- Native to: England United Kingdom
- Region: Barrow-in-Furness Cumbria
- Ethnicity: English
- Language family: Indo-European GermanicWest GermanicNorth Sea GermanicAnglo-FrisianAnglicAnglianNorth AnglicNorthern EnglishCumbrianBarrovian; ; ; ; ; ; ; ; ; ;
- Early forms: Old English Northumbrian Old English Northern Middle English Early Modern English ; ; ;

Language codes
- ISO 639-3: –
- IETF: en-u-sd-gbcma

= Barrovian =

English-language dialect

Barrovian (or Barronese) is an accent and dialect of English found in Barrow-in-Furness and several outlying settlements in Cumbria, England, historically in the county of Lancashire. Although a member of the Cumbrian dialect, the Barrovian and south Cumbria accent has much in common with the dialect of northern Lancashire, particularly the Lancaster/Morecambe area.
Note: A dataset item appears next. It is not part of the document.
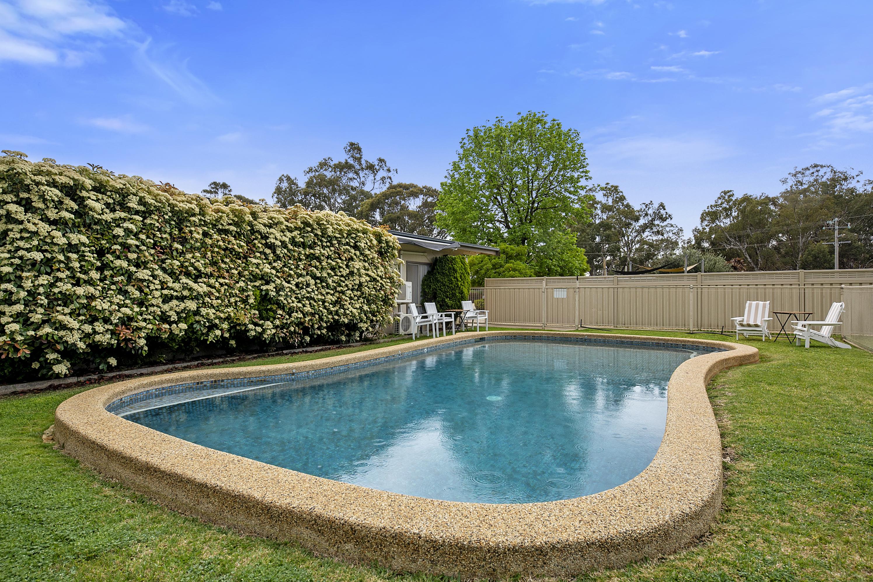 3. Extensive outdoor amenities including expansive grassed areas, an inground swimming pool, BBQ facilities, and ample off street parking, enhancing guest appeal.

Barrovian is also used as a demonym for the inhabitants of Barrow.

==Origins==
Up until the mid-19th century Barrow was nothing but a cluster of small villages with the Cumbrian dialect prevailing throughout. Huge growth occurred, however, between 1860 and 1880, spurred by the introduction of a railway to the Furness peninsula and the rapidly expanding steel and jute works. Barrow also became a major shipbuilding centre in the early 20th century. From a few thousand to 70,000 residents in under half a century, the majority of these were immigrants to the town drawn by the burgeoning industries. Large influxes came from elsewhere in Lancashire, Ireland (especially the counties of Antrim and Tyrone) and Scotland, with existing shipbuilding regions such as the Clyde and Tyneside providing a significant percentage of migrants in the early to mid-20th century. During the 1890s, one-sixth of the local population had been born in Ireland or Scotland. Barrow became a melting pot of accents and dialects and although it remains primarily Cumbria/Lancashire-oriented it has strong influences from a wide geographical area.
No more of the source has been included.